Protein-coding gene in humans

RAC(Rho family)-alpha serine/threonine-protein kinase is an enzyme that in humans is encoded by the AKT1 gene. This enzyme belongs to the AKT subfamily of serine/threonine kinases that contain SH2 (Src homology 2-like) protein domains. It is commonly referred to as PKB, or by both names as "Akt/PKB".

==Function==
The serine-threonine protein kinase AKT1 is catalytically inactive in serum-starved primary and immortalized fibroblasts. AKT1 and the related AKT2 are activated by platelet-derived growth factor. The activation is rapid and specific, and it is abrogated by mutations in the pleckstrin homology domain of AKT1. It was shown that the activation occurs through phosphatidylinositol 3-kinase. In the developing nervous system AKT is a critical mediator of growth factor-induced neuronal survival. Survival factors can suppress apoptosis in a transcription-independent manner by activating the serine/threonine kinase AKT1, which then phosphorylates and inactivates components of the apoptotic machinery. Mice lacking Akt1 display a 25% reduction in body mass, indicating that Akt1 is critical for transmitting growth-promoting signals, most likely via the IGF1 receptor. Mice lacking Akt1 are also resistant to cancer: They experience considerable delay in tumor growth initiated by the large T antigen or the Neu oncogene.
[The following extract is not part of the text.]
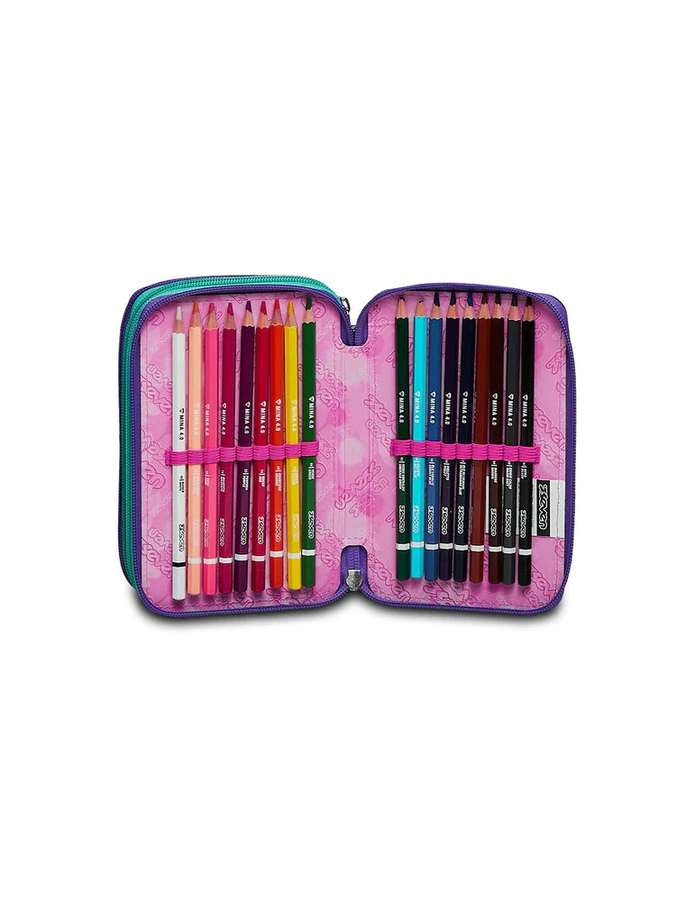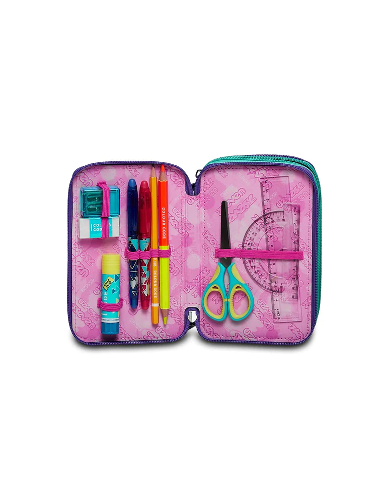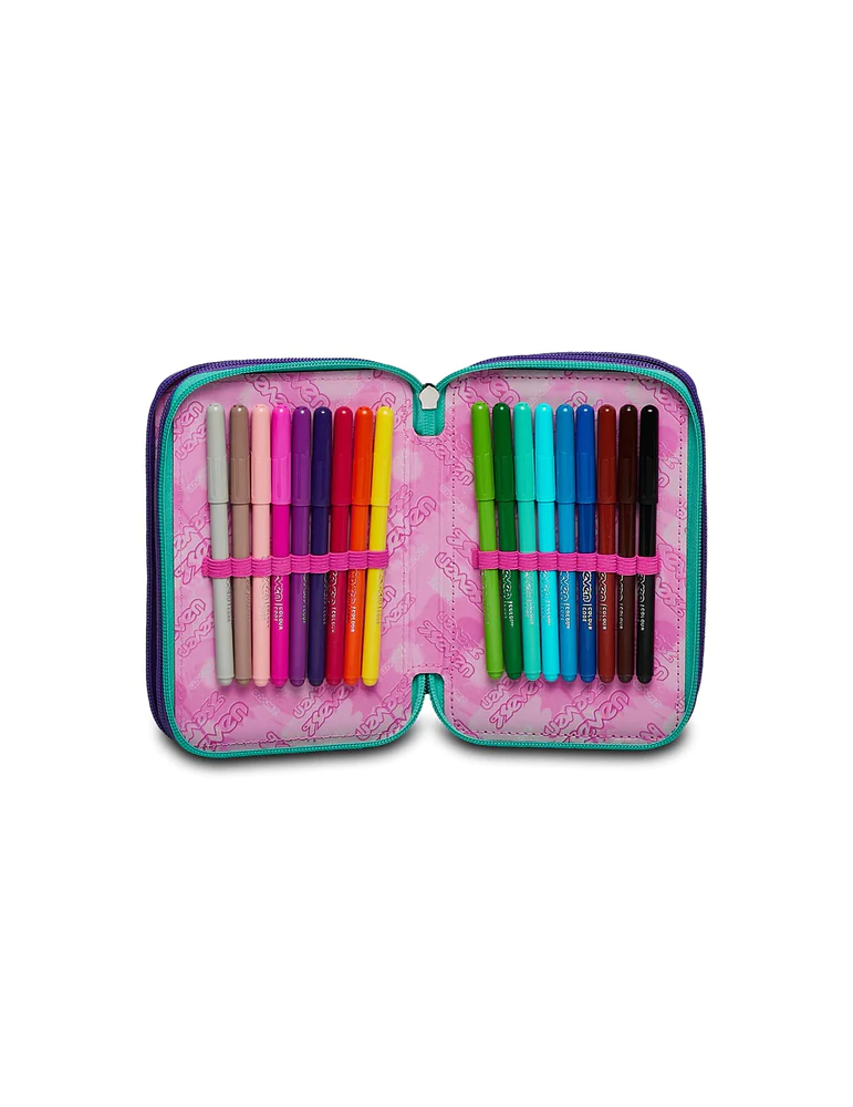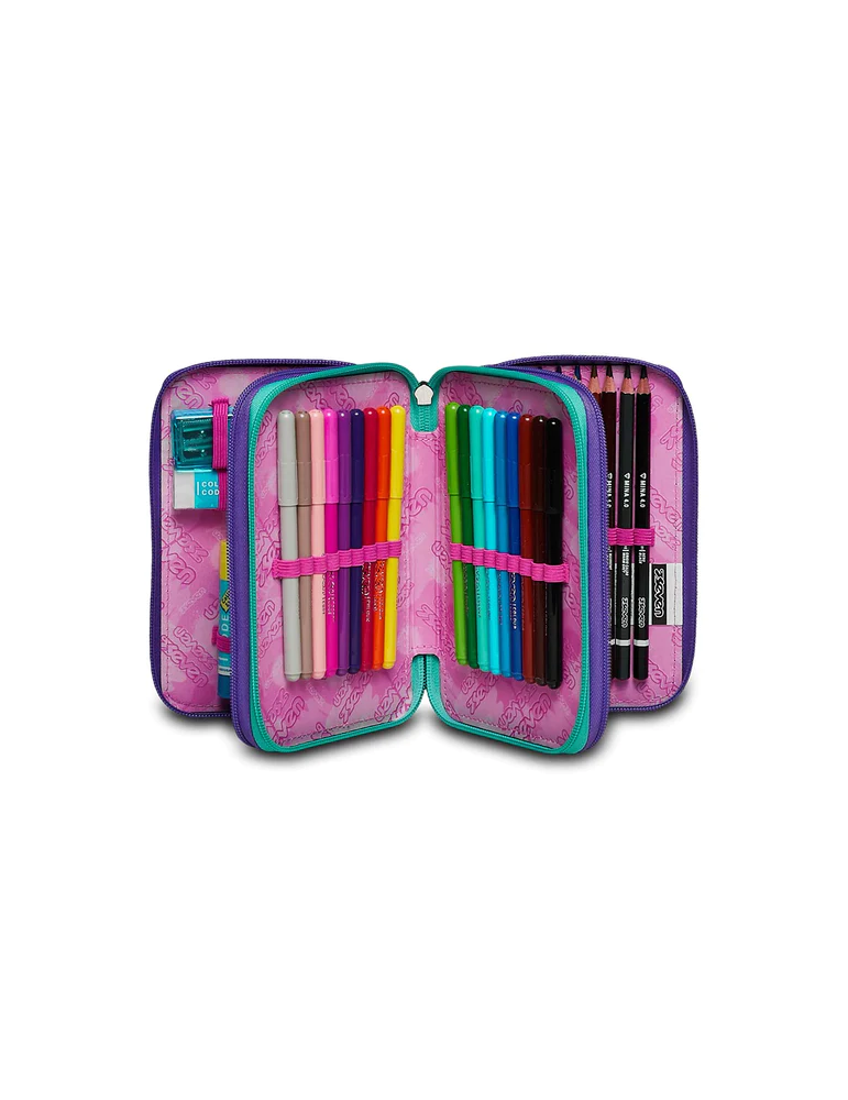 Ciao! Sono il coloratissimo Astuccio 3 zip SJ Gang. Dotato di 3 scomparti completi di tutto il materiale necessario per fare al meglio i tuoi lavori di scuola, abbinami a uno zaino o a un trolley SJ Gang.

A single-nucleotide polymorphism in this gene causes Proteus syndrome.

==History==
AKT (now also called AKT1) was originally identified as the oncogene in the transforming retrovirus, AKT8. AKT8 was isolated from a spontaneous thymoma cell line derived from AKR mice by cocultivation with an indicator mink cell line. The transforming cellular sequences, v-akt, were cloned from a transformed mink cell clone and these sequences were used to identify Akt1 and Akt2 in a human clone library. AKT8 was isolated by Stephen Staal in the laboratory of Wallace P. Rowe; he subsequently cloned v-akt and human AKT1 and AKT2 while on staff at the Johns Hopkins Oncology Center.

In 2011, a mutation in AKT1 was strongly associated with Proteus syndrome, the disease that probably affected the Elephant Man.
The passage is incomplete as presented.